Mlliyet Milliyet Blog Milliyet Blog
 
Facebook Connect
Blog Kategorileri
 

30 Ocak '12

 
Kategori
Tenis
 

Nasıl anlatılır 6 saatlik Tenis finali

Nasıl anlatılır 6 saatlik Tenis finali
 

TENİS


Mustafa Denizli, dün gece bir spor programında ‘’çatapatlardan bomba yaptık’’ diye tarif ettiği akibeti meçhul futbolumuzun ilgisizliğine, sevimsizliğine ve heyecan vermeyen gidişatına Fransız kalanlardan biriyim artık. Bunu başaranlar, girilen labirentten çıkış yolunu nasıl bulurlar bilmiyorum ama  55 yıldır sporun içinde olan biri için bu günlerde ister basket olsun, ister voleybol veya tenis, sıkı bir müsabaka  insana çok daha fazla keyif veriyor, futbol gibi vefasız bir sevgilinin ihanetini bir nebze olsun unutuyorsunuz.

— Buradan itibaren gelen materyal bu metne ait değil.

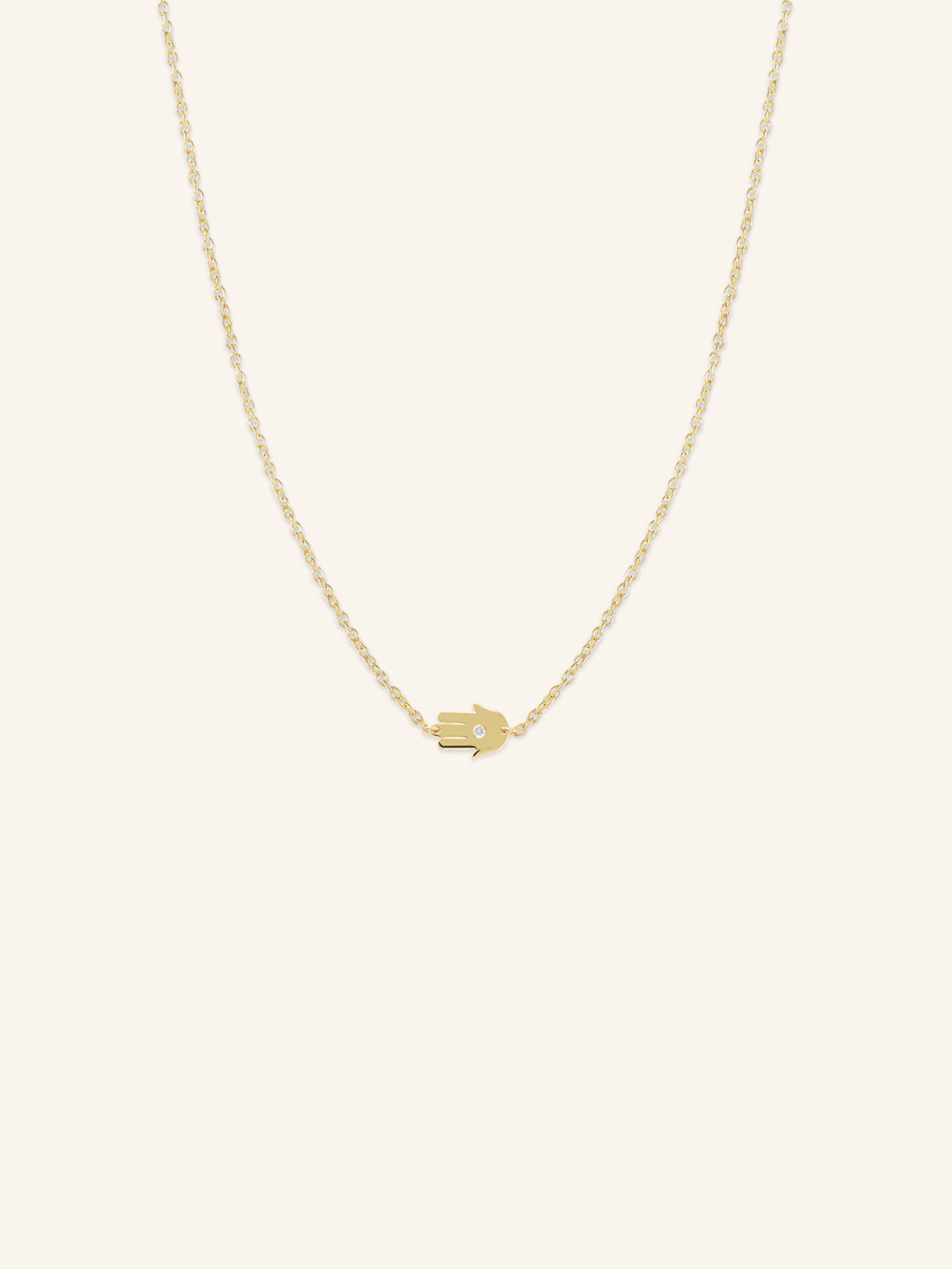 An ancient talisman that symbolizes feminine power, with the eye symbol on the hand is worn to protect the wearer against negative energy. We designed our hamsa collection to be minimally crafted in solid 14k gold with a single diamond representing the eye - this piece is meant to be easily worn everyday for the wearer to embrace the symbol of good, power, and strength.

Avustralya Açık Tenis turnuvasının muhtemel finalistleri Sırp Djokoviç ve İspanyol Nadal idi ve de öyle oldu. Öyle de olunca müthiş bir final oynanacağı belli oldu. Oldu da, böyle bir final olacağını da herhalde kimse tahmin edemezdi. 

Dün Bank Asya liginde iki maç 7-2 sona ermişti ve bunların bahis oranı 1 e 440  vermiş. İddaa oyununda  tenis maçı var mıdır bilmiyorum ama maç suresi bahse girseydi herhalde maç süresinin 6 saat süreceğini pek tahmin eden olmazdı..

Eskiden Kırkpınar’da Kel Aliço’nun, Adalı Halil ile olan güreşleri  sürermiş bu kadar uzun süreler.. Onlar da zormuş elbet, yağlı yağlı, sıcak ve saatlerce güreş ama ağır.

Sabah kalktım, epey seyrettim. Ne Nadal, ne Djokoviç birbirlerine pek üstünlük sağlayamıyor. Oyun araları gazeteye göz gezdirdim. Hatta bir yandan yan gözle maça bakarken gazeteyi bitirdim. Devam.  Maç bütün zevkiyle devam ediyor ama hanım sitem etmeye başladı. Yahu bey diktin gözünü bir tenis maçına  saat kaç oldu?.Ekmek mi alınacak, su mu?. Birazdan karnın da acıkır, oturdun kaldın. Haklı ama gel de bırak maçı. Bırakamıyorsun ki?.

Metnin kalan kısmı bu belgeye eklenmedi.